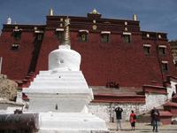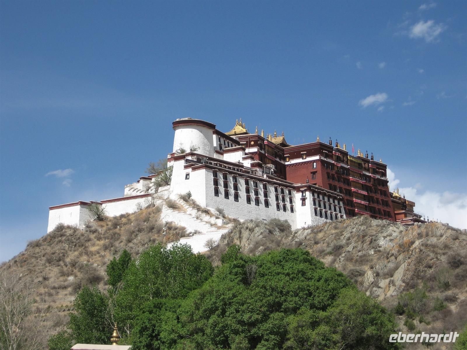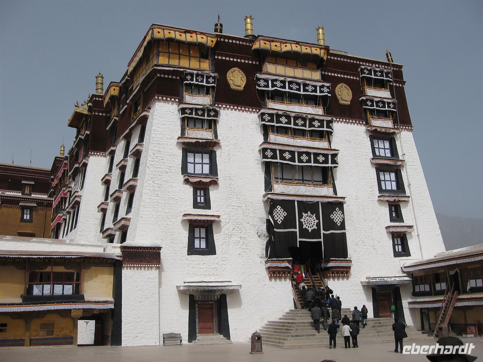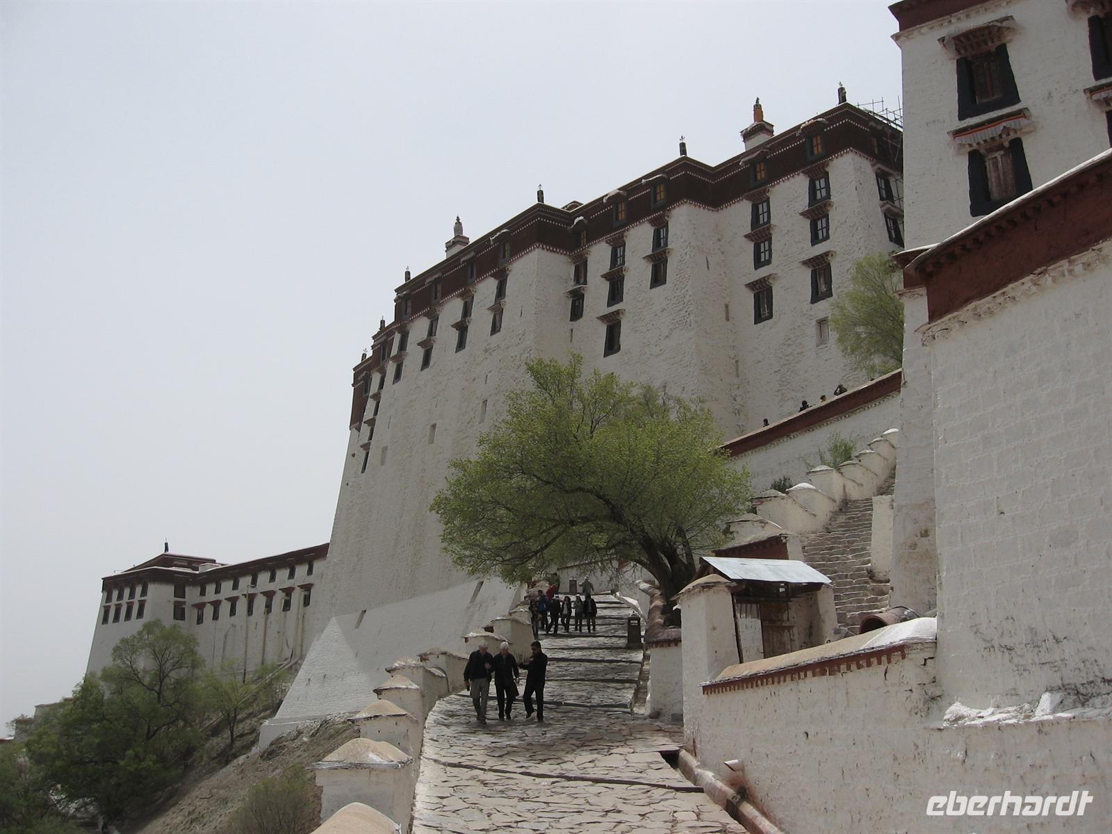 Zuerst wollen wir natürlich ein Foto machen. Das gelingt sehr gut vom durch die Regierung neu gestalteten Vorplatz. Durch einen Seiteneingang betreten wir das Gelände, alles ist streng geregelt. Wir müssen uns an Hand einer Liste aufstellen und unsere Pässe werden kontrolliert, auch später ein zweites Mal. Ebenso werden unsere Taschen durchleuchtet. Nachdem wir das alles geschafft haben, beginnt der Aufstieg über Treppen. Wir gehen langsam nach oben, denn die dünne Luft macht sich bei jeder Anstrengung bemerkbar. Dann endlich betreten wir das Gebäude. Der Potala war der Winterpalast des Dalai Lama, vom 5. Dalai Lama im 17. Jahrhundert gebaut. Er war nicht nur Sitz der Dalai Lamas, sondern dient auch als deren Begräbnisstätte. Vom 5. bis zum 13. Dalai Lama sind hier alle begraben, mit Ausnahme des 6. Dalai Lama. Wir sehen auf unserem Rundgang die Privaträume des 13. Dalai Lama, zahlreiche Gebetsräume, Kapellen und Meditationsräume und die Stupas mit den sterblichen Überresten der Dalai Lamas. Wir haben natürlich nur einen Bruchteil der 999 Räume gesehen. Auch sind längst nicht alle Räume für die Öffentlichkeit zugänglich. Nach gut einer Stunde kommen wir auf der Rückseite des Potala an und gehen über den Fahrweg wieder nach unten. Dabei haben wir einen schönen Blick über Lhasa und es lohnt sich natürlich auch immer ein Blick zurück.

* * *

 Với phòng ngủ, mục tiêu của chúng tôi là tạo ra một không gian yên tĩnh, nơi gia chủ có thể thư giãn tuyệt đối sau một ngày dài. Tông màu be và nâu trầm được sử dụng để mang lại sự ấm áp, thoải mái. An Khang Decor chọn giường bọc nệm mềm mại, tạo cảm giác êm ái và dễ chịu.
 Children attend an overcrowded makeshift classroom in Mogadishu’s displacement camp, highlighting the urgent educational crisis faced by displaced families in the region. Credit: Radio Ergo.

...

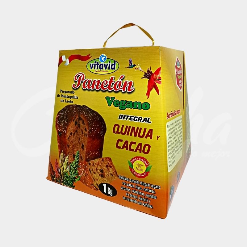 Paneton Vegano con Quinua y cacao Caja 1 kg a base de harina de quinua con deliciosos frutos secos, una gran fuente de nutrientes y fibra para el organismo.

● **Your assignment**
The lines above from the one with "Với phòng ngủ, mục" through the one with "Children attend an" are to be duplicated exactly, ends included, with nothing added.

● **Task response**
 Với phòng ngủ, mục tiêu của chúng tôi là tạo ra một không gian yên tĩnh, nơi gia chủ có thể thư giãn tuyệt đối sau một ngày dài. Tông màu be và nâu trầm được sử dụng để mang lại sự ấm áp, thoải mái. An Khang Decor chọn giường bọc nệm mềm mại, tạo cảm giác êm ái và dễ chịu.
 Children attend an overcrowded makeshift classroom in Mogadishu’s displacement camp, highlighting the urgent educational crisis faced by displaced families in the region. Credit: Radio Ergo.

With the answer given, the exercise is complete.